Brandon and I had a little game we used to play that he
called “Kung Fu Mama.” He would beg and beg, “Mama, Please? Kung Fu Mama?
Please? Please?” I’d cave. I could never seem to resist that beautiful
boy’s hazel eyes with the long eyelashes and his Russian accent, “Please?”
Kung Fu Mama was boxing MEETS karate MEETS football tackles
MEETS wrestling MEETS Kung Fu and a whole lot of laughter. He’d throw a gentle punch. I’d slow motion block it and slide down for a
tackle. He’d spin around his leg with a
perfect form back kick “Hi-yah!” he’d scream.

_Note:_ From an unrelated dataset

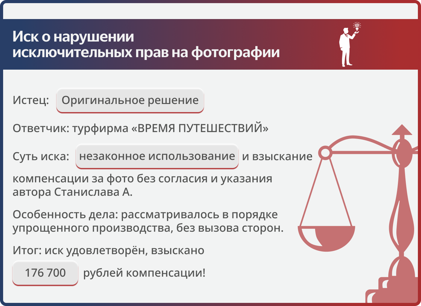 Долго не мог разобраться с недобросовестным использованием моих фотографий. Решил обратиться к ребятам из Оригинального решения. Я не тратил ни времени, ни нервов — всё делала команда. Очень благодарен за работу и особенно за денежную компенсацию)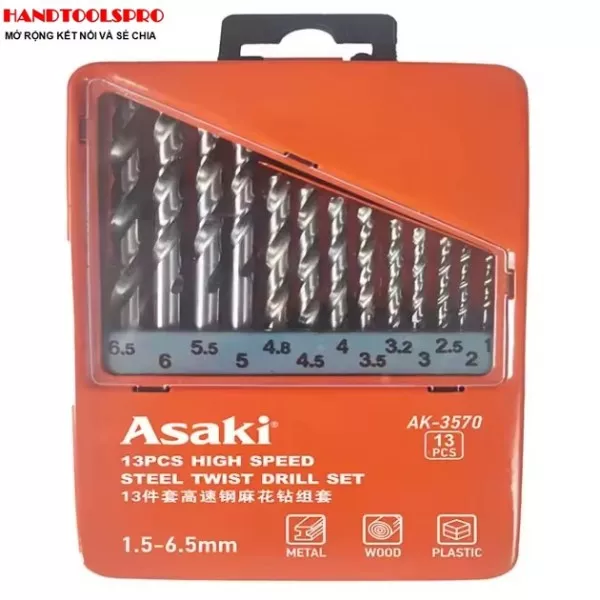 Bộ mũi khoan INOX làm từ thép HSS 13-19-25pc 1-13mm ASAKI AK-3572 AK-3571 AK-3570

I’d grab is leg mid-air and he’d hop on one foot laughing and
laughing. “Cheating, Mama. Cheating. No hold me foot.” “I’m not cheating, you cry baby.” “Me
no baby. Me man.” “You’re a man getting
beat up by a girl.” He’d laugh. “In
English we call this ‘winning’.” Laughter.
On one particular Thursday, Katie decided to color a lovely
picture of a whale in close proximity to our Kung Fu match. I did a side kick. Brandon jumped back to dodge the kick and his
left heel crushed Katie’s black “washable” Crayola marker and splattered the
entire contents on to the carpet.
Brandon’s mouth dropped wide open as he searched my face for
an expression. When I started laughing,
he burst into this uncontrollable rolling laughter. “Mama breakie your black marker, Katie. Mama breakie.” Laughter. I said, “No, Brandon. YOUR heel broke her marker.” He scrambled
through his desk drawer for tape and taped together the crushed marker then
offered it to her as some kind of peace offering. "There, Katie. It's perfect. It's good as new" I said. She was not humored in the least. Katie did her typical annoyed “Grrrr”and
gathered her things and walked away. Brandon laughed, "Perfect, Katie. Perfect." (We later gave her a new black marker.)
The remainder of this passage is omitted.